Data records

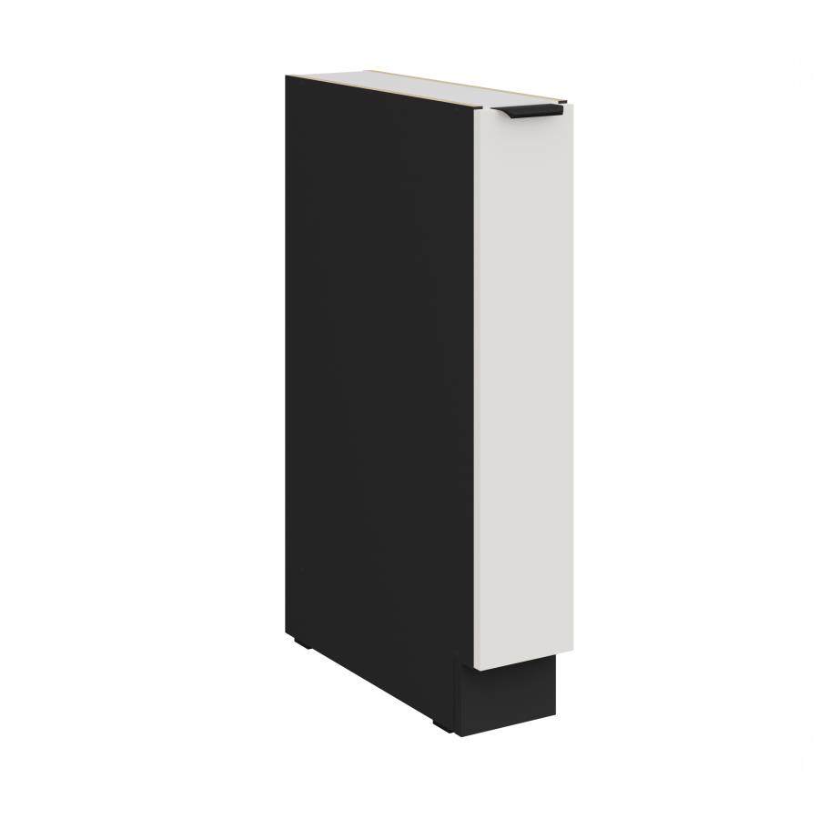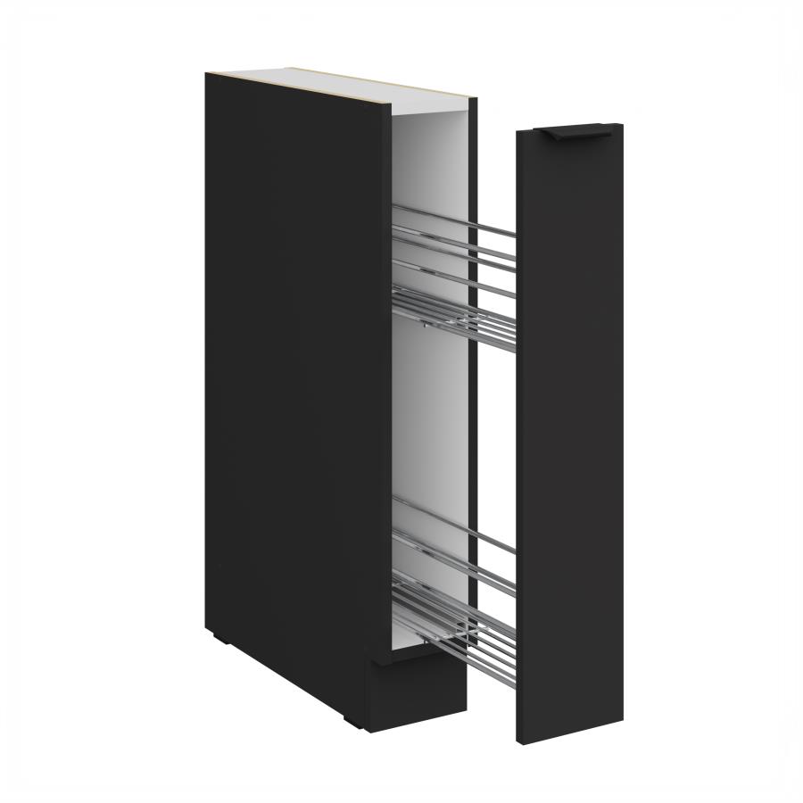 Spodná skrinka Aria BL 15 D CARGO BB je úzka výsuvná skrinka, ideálna na praktické uskladnenie fliaš, korenín či kuchynských doplnkov. Vďaka svojmu kovovému košovému systému umožňuje ľahký prístup k uloženým predmetom a efektívne využíva aj menší priestor v kuchyni. Dvierka sú doplnené čiernou úchytkou, ktorá podčiarkuje elegantný a moderný vzhľad skrinky. Korpus je vyhotovený v dekóre čierna a dvierka sú dostupné v 5 moderných farebných prevedeniach.
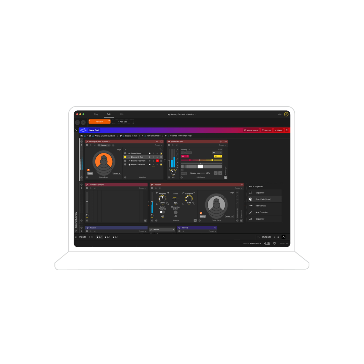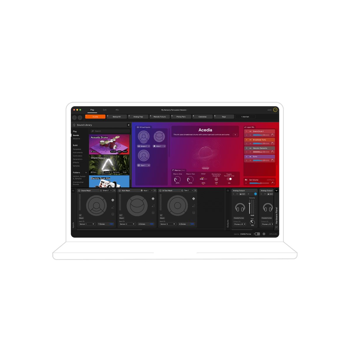 Powered by the Sensory Percussion 2 software, players gain access to deep layering, modulation, effects, and sample control. The software allows drummers to assign multiple sounds to different zones of a single drum, unlocking hybrid performance possibilities impossible with conventional electronic drum modules. It is designed for studio creativity, live production, and immersive electronic-acoustic integration.
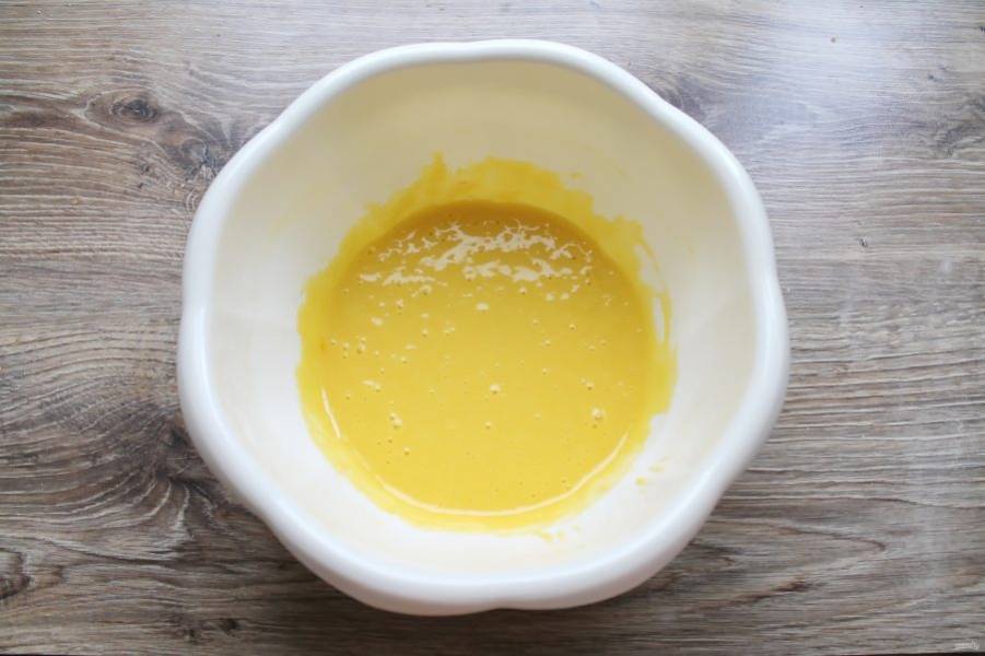Включите духовку разогреваться до температуры 180 градусов. В миску вбейте яйца, добавьте сахар и взбейте венчиком.
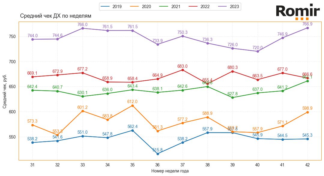 Согласно Единой панели данных Ромир, средний чек на одну покупку в среднестатистическом российском домохозяйстве на прошедшей 42 неделе 2023 года (с 16 октября по 22 октября) составил 766,9 руб., что на 2,7% больше, чем неделей ранее. Таким образом, после трехнедельного периода снижения (с 38 по 40 неделю) средний чек показывает рост уже вторую неделю подряд. По сравнению с аналогичной неделей прошлого года средний чек вырос на 100 руб. или на 15%. В целом, стоит отметить, что сейчас величина среднего чека за одну покупку находится на максимальной отметке за последние три месяца. Близкие к нынешнему значения фиксировались в августе текущего года. Вероятно, рост размера среднего чека можно объяснить подорожанием некоторых позиций в потребительской корзине. Объем недельных расходов растет пропорционально величине чека, что свидетельствует о том, что изменений в потребительском поведении россиян не произошло. Источник: Единая панель данных (Romir Consumer Scan Panel), октябрь 2023 ИНСЧ (индекс недельного среднего чека) показывает динамику стоимости покупок домохозяйств. Единая панель данных (Romir Consumer Scan Panel) – это уникальная технологическая разработка Ромир, благодаря которой компания собирает и анализирует данные о покупках домохозяйств и отдельных потребителей. Исследование охватывает более 40 000 потребителей в более чем 220 городах России с населением более 10 000 человек. Выборка панели репрезентирует все население России. Авторизуйтесь, чтобы оставить комментарий. |
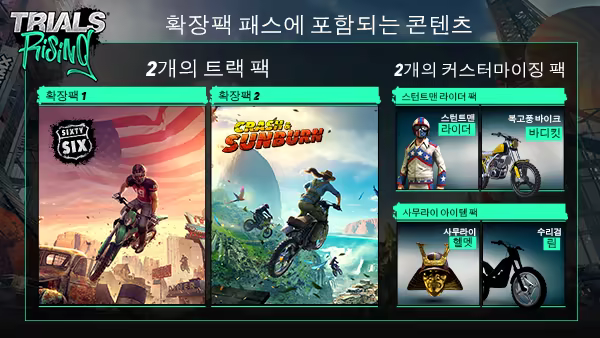 Trials® Rising의 확장팩 패스를 구매하고 여러분을 기다리는 55개 이상의 트랙을 통해 훨씬 더 많은 세계를 누벼보세요!
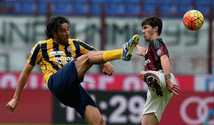 Sotto una pioggia di fischi il Milan non va oltre l’1-1 a San Siro con il Verona ultimo in classifica. Cartellino rosso per Nigel De Jong che causa il rigore realizzato da Luca Toni. Un episodio che decide la partita e vanifica la rete realizzata da Bacca ad inizio ripresa. Ennesimo passo falso dei rossoneri dopo il pari col Carpi, ma Sinisa Mihajlovic a fine partita contesta l'arbitraggio: «Da alcune giornate ci stanno penalizzando. Ci hanno annullato due gol su fuorigioco inesistenti e così non si può andare avanti. C'era anche un rigore netto su Bonaventura». Tuttavia, al di là delle decisioni non sempre lucide di Valeri, la prova del Milan è pessima e con questo passo è difficile pensare di poter centrare il traguardo Champions League chiesto da Adriano Galliani e Barbara Berlusconi. Il presidente non era allo stadio, ma è facile pensare che sia arrabbiato.
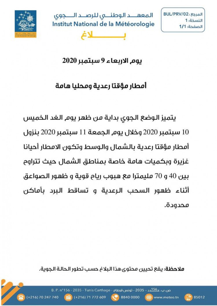 أعلن المعهد الوطني للرصد الجوي في نشرة متابعة أن الوضع الجوي يتميز بداية من ظهر يوم غد الخميس وخلال يوم الجمعة 11 سبتمبر 2020، بنزول أمطار مؤقتا رعدية بالشمال وبالوسط وتكون الأمطار احيانا غزيرة وبكميات هامة خاصة بمناطق الشمال حيث تترواح بين 40 و70 مليمترا مع هبوب رياح قوية وظهور الصواعق الرعدية أثناء ظهور السحب الرعدية وتساقط البرد بمناطق محدودة.
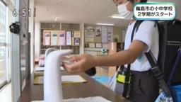 小学校の玄関では,マスクをした子どもたちが久しぶりに顔を合わせた先生に元気にあいさつし,手を消毒した後,自宅での検温を記録した用紙を見せていました。
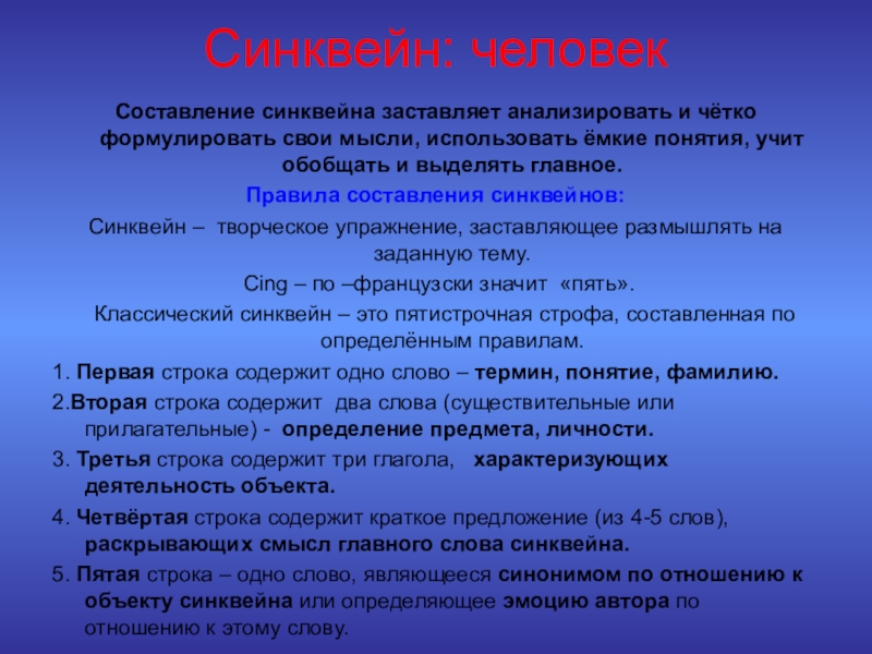 Классический синквейн – это пятистрочная строфа, составленная по определённым правилам.
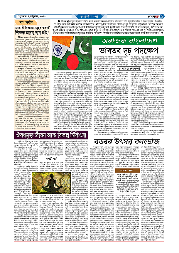 02-01-2026 Page: 4 January 02, 2026 Asom Barta Page 1Page 2Page 3Page 4Page 5Page 6Page 7Page 8 Thumbnails × 02-01-2026 Page 1Page 2Page 3Page 4Page 5Page 6Page 7Page 8 Full PDF << First << 3 4 >> Last >> << First << 4 >> Last >> Hide Page 1Page 2Page 3Page 4Page 5Page 6Page 7Page 8
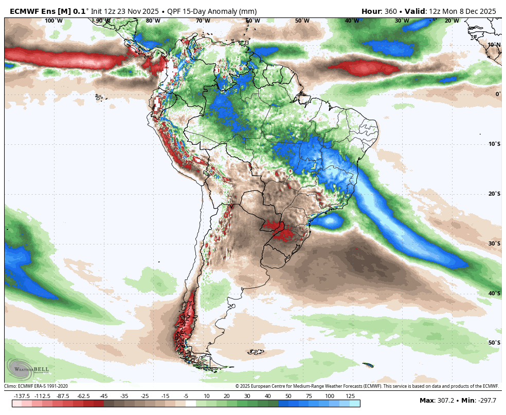 2 week rain anomalies in Brazil from the last 12z European Ensemble model. Signs of the first rain at bit early?
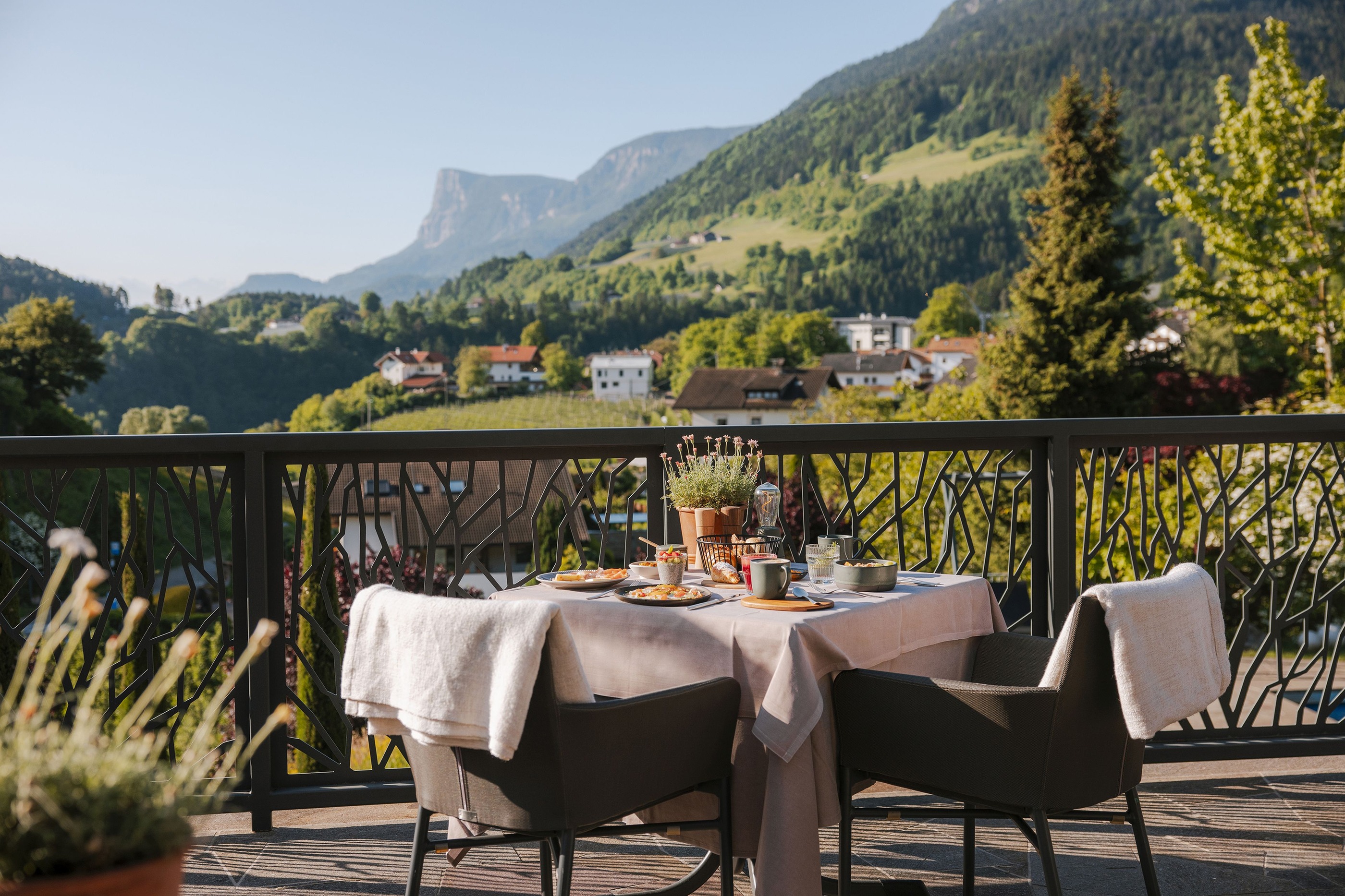 Völlan, ein sonnenverwöhnter Ort oberhalb von Lana und südlich von Meran, liegt eingebettet zwischen Wiesen und Obstgärten im Völlaner Mittelgebirge. Genau hier befindet sich das Hotel Der Waldhof²: ruhig gelegen, naturnah – und zugleich ein idealer Ausgangspunkt, um Meran, das Etschtal und die umliegenden Berge zu entdecken. Direkt am Haus beginnt der hauseigene Waldpark – ein Stück Natur, das sofort entschleunigt. Zwischen alten Bäumen und dem einzigartigen Biotop wird aus einem Spaziergang schnell ein Innehalten. Momente, die in Erinnerung bleiben, entstehen im beheizten Infinitypool mit Mayenburg-Panorama, während rund ums Hotel sonnige Plätze zum Lesen und Entspannen einladen.

### WHAT TO PRODUCE
Apart from the pictures, the entries above are to be repeated in full and exactly.

### COMPLETED EXERCISE
 Spodná skrinka Aria BL 15 D CARGO BB je úzka výsuvná skrinka, ideálna na praktické uskladnenie fliaš, korenín či kuchynských doplnkov. Vďaka svojmu kovovému košovému systému umožňuje ľahký prístup k uloženým predmetom a efektívne využíva aj menší priestor v kuchyni. Dvierka sú doplnené čiernou úchytkou, ktorá podčiarkuje elegantný a moderný vzhľad skrinky. Korpus je vyhotovený v dekóre čierna a dvierka sú dostupné v 5 moderných farebných prevedeniach.
 Powered by the Sensory Percussion 2 software, players gain access to deep layering, modulation, effects, and sample control. The software allows drummers to assign multiple sounds to different zones of a single drum, unlocking hybrid performance possibilities impossible with conventional electronic drum modules. It is designed for studio creativity, live production, and immersive electronic-acoustic integration.
Включите духовку разогреваться до температуры 180 градусов. В миску вбейте яйца, добавьте сахар и взбейте венчиком.
 Согласно Единой панели данных Ромир, средний чек на одну покупку в среднестатистическом российском домохозяйстве на прошедшей 42 неделе 2023 года (с 16 октября по 22 октября) составил 766,9 руб., что на 2,7% больше, чем неделей ранее. Таким образом, после трехнедельного периода снижения (с 38 по 40 неделю) средний чек показывает рост уже вторую неделю подряд. По сравнению с аналогичной неделей прошлого года средний чек вырос на 100 руб. или на 15%. В целом, стоит отметить, что сейчас величина среднего чека за одну покупку находится на максимальной отметке за последние три месяца. Близкие к нынешнему значения фиксировались в августе текущего года. Вероятно, рост размера среднего чека можно объяснить подорожанием некоторых позиций в потребительской корзине. Объем недельных расходов растет пропорционально величине чека, что свидетельствует о том, что изменений в потребительском поведении россиян не произошло. Источник: Единая панель данных (Romir Consumer Scan Panel), октябрь 2023 ИНСЧ (индекс недельного среднего чека) показывает динамику стоимости покупок домохозяйств. Единая панель данных (Romir Consumer Scan Panel) – это уникальная технологическая разработка Ромир, благодаря которой компания собирает и анализирует данные о покупках домохозяйств и отдельных потребителей. Исследование охватывает более 40 000 потребителей в более чем 220 городах России с населением более 10 000 человек. Выборка панели репрезентирует все население России. Авторизуйтесь, чтобы оставить комментарий. |
 Trials® Rising의 확장팩 패스를 구매하고 여러분을 기다리는 55개 이상의 트랙을 통해 훨씬 더 많은 세계를 누벼보세요!
 Sotto una pioggia di fischi il Milan non va oltre l’1-1 a San Siro con il Verona ultimo in classifica. Cartellino rosso per Nigel De Jong che causa il rigore realizzato da Luca Toni. Un episodio che decide la partita e vanifica la rete realizzata da Bacca ad inizio ripresa. Ennesimo passo falso dei rossoneri dopo il pari col Carpi, ma Sinisa Mihajlovic a fine partita contesta l'arbitraggio: «Da alcune giornate ci stanno penalizzando. Ci hanno annullato due gol su fuorigioco inesistenti e così non si può andare avanti. C'era anche un rigore netto su Bonaventura». Tuttavia, al di là delle decisioni non sempre lucide di Valeri, la prova del Milan è pessima e con questo passo è difficile pensare di poter centrare il traguardo Champions League chiesto da Adriano Galliani e Barbara Berlusconi. Il presidente non era allo stadio, ma è facile pensare che sia arrabbiato.
 أعلن المعهد الوطني للرصد الجوي في نشرة متابعة أن الوضع الجوي يتميز بداية من ظهر يوم غد الخميس وخلال يوم الجمعة 11 سبتمبر 2020، بنزول أمطار مؤقتا رعدية بالشمال وبالوسط وتكون الأمطار احيانا غزيرة وبكميات هامة خاصة بمناطق الشمال حيث تترواح بين 40 و70 مليمترا مع هبوب رياح قوية وظهور الصواعق الرعدية أثناء ظهور السحب الرعدية وتساقط البرد بمناطق محدودة.
 小学校の玄関では,マスクをした子どもたちが久しぶりに顔を合わせた先生に元気にあいさつし,手を消毒した後,自宅での検温を記録した用紙を見せていました。
 Классический синквейн – это пятистрочная строфа, составленная по определённым правилам.
 02-01-2026 Page: 4 January 02, 2026 Asom Barta Page 1Page 2Page 3Page 4Page 5Page 6Page 7Page 8 Thumbnails × 02-01-2026 Page 1Page 2Page 3Page 4Page 5Page 6Page 7Page 8 Full PDF << First << 3 4 >> Last >> << First << 4 >> Last >> Hide Page 1Page 2Page 3Page 4Page 5Page 6Page 7Page 8
 2 week rain anomalies in Brazil from the last 12z European Ensemble model. Signs of the first rain at bit early?
 Völlan, ein sonnenverwöhnter Ort oberhalb von Lana und südlich von Meran, liegt eingebettet zwischen Wiesen und Obstgärten im Völlaner Mittelgebirge. Genau hier befindet sich das Hotel Der Waldhof²: ruhig gelegen, naturnah – und zugleich ein idealer Ausgangspunkt, um Meran, das Etschtal und die umliegenden Berge zu entdecken. Direkt am Haus beginnt der hauseigene Waldpark – ein Stück Natur, das sofort entschleunigt. Zwischen alten Bäumen und dem einzigartigen Biotop wird aus einem Spaziergang schnell ein Innehalten. Momente, die in Erinnerung bleiben, entstehen im beheizten Infinitypool mit Mayenburg-Panorama, während rund ums Hotel sonnige Plätze zum Lesen und Entspannen einladen.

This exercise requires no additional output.